The Latest Conservative Challenge to the Contraceptive Mandate is an Embarrassment
Marty Lederman has two excellent posts about the oral arguments in Zubik v. Burwell earlier this week. The first deals with why the use of the “hikacking” metaphor to try to explain why the latest accommodation to employers with religious objections constitute a “substantial burden” is inapt.
Even if one assumes arguendo that these employers still face a “substantial burden” — and Kennedy’s position, like that of the other Republican nominees, seems to be that the word “substantial” should for all intents and purposes be read out of the statute — the government can still prevail if it can show that the new accommodation is the least restrictive means of advancing the compelling state objectives of the ACA. And here’s where the conservative arguments stop being merely implausible and become something worse.

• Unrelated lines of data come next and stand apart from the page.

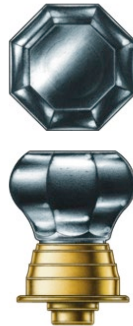
2" Crystal Knob Shown with Robinson (Stepped) Shank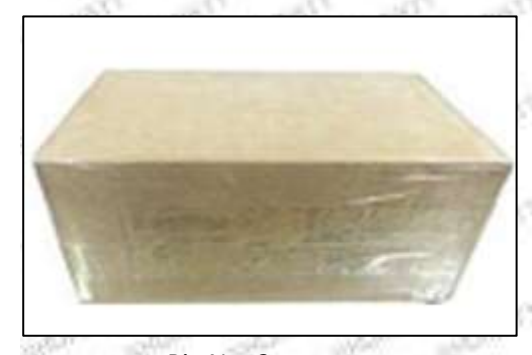
Pic No. 2 Domestic express packaging: Wrapped with Transparent tape

Minors are prohibited from using transparent tape, yellow tape, black wrapping protective film, and white wrapping protective film to avoid personal injury.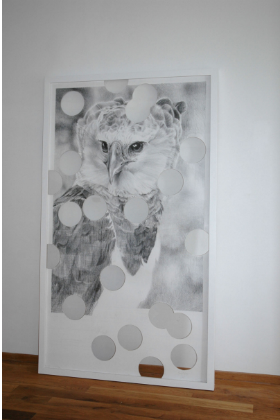
AJOUR. Petite ouverture laissant passer le jour ... Exhibition View Nosbaum Reding, Luxembourg, 2008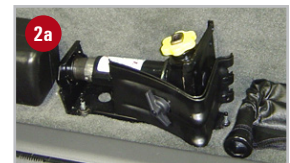
Remove wheel blocks from jack, then loosen jack.

The proposed less restrictive choice available to the government posited by Alito and Roberts shows either egregious bad faith or nearly comprehensive ignorance of the relevant policy details:
The oral argument focused on one of the petitioners’ proposed alternatives, raised by Justice Alito–namely, offering women who work for an objecting employer the option of “obtain[ing] a contraceptive-only policy free of charge on one of the Exchanges.” Because such contraception-only plans would not really be insurance plans in the typical sense–they would simply be a means of payment for preventive services that the women in question will purchase–such an option would have to be fully subsidized by Congress (for otherwise the insurance companies would have no incentive to offer such stand-alone “coverage”).

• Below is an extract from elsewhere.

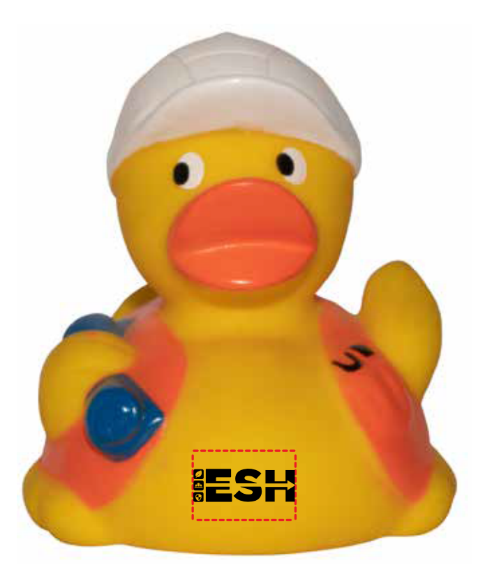
Actual Size of Imprint Dotted Lines Do Not Print

Note: the images inside of the 3 icons on the left will most likely fill in because of hw small they are. Please advise o how you'd liek to proceed.

Such a “subsidized contraception-only Exchange plan” option would not be a less restrictive means of advancing the government’s compelling interests, for purposes of RFRA. Most obviously, it would, quite simply, result in fewer women having access to effective contraception–and thus more unplanned pregnancies–by creating (in the SG’s words) “precisely the kinds of barriers” to access “that Congress was trying to eliminate.” Part III-A-1-a of the Health Experts’ amicus brief (pp. 12-14), filed by Marcy Wilder and Hogan Lovells, offers a compelling explanation of why that’s the case: I set out that explanation below.
Before turning to that reason, however, there is an even more fundamental objection: A “subsidized contraception-only exchange plan” option cannot be a less restrictive means for purposes of RFRA because it would require a new legislative enactment, including a new appropriation (or some other financial mechanism, such as tax credits) to pay — in full — for the costs of the hypothetical contraception-only plans.
It’s worth clicking through to read the elaboration of the argument, which is definitive. I just wish I was equally optimistic about whether it will persuade Kennedy.